There will undoubtedly be more accidents if the technology is allowed to develop (and I take no position on this).


That's autopilot, not FSD beta though, at this point it's probably 10 generations old


Ah yes, because "autopilot" is not autonomous.


Well yeah, it's like other autopilots:

An autopilot is a system used to control the path of an aircraft, marine craft or spacecraft without requiring constant manual control by a human operator. Autopilots do not replace human operators. Instead, the autopilot assists the operator's control of the vehicle, allowing the operator to focus on broader aspects of operations (for example, monitoring the trajectory, weather and on-board systems).


That's just devious marketing on Tesla's part. They can always excuse customer misunderstandings with the original meaning you explained, while normal people can be savely expected to interpret autopilot as full self driving (and I'd be surprised if they didn't have actually tested this with focus groups beforehand). So not really lying (great for the lawsuits), but constructing misunderstanding on purpose (great for the brand image).


Except for the manual and all the warnings that pop up that say you need to pay attention.

3000 people die every day in automobile accidents, 10% of which are from people who are sleepy. Even standard autopilot is better than a tired driver


I would say it's better then the Human's tendency to drive full speed into anything while impaired by a drug. Especially since the bug was fixed in Tesla's case but the bug in Human's case is probably un-fixable.

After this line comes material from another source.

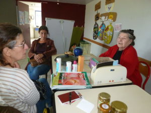 Pascale a proposé un atelier tawashi (fabrication d’éponges avec de vieilles chaussettes) :

Drugs (or alcohol)? There are so many more failure modes that drugs are the least of my concerns. Especially of unspecified type. I'm not the least bit worried about drivers hopped up on tylenol. Humans get distracted while driving, by texting, or simply boredom and start daydreaming. Don't forget about driving while tired. Or emotionally disturbed (divorce or a death; road rage). Human vision systems are also pretty frail and have bad failure modes, eg the sun is close to the horizon and the driver is headed towards the sun.


Computer vision systems also have bad failure modes. The camera sensors typically used today have better light sensitivity but less dynamic range than the human eye.


They fixed driving into stationary things? That's news to me. What's your source?

It's not an easy problem to fix at high speed without false positives, and they seem to really hate false positives.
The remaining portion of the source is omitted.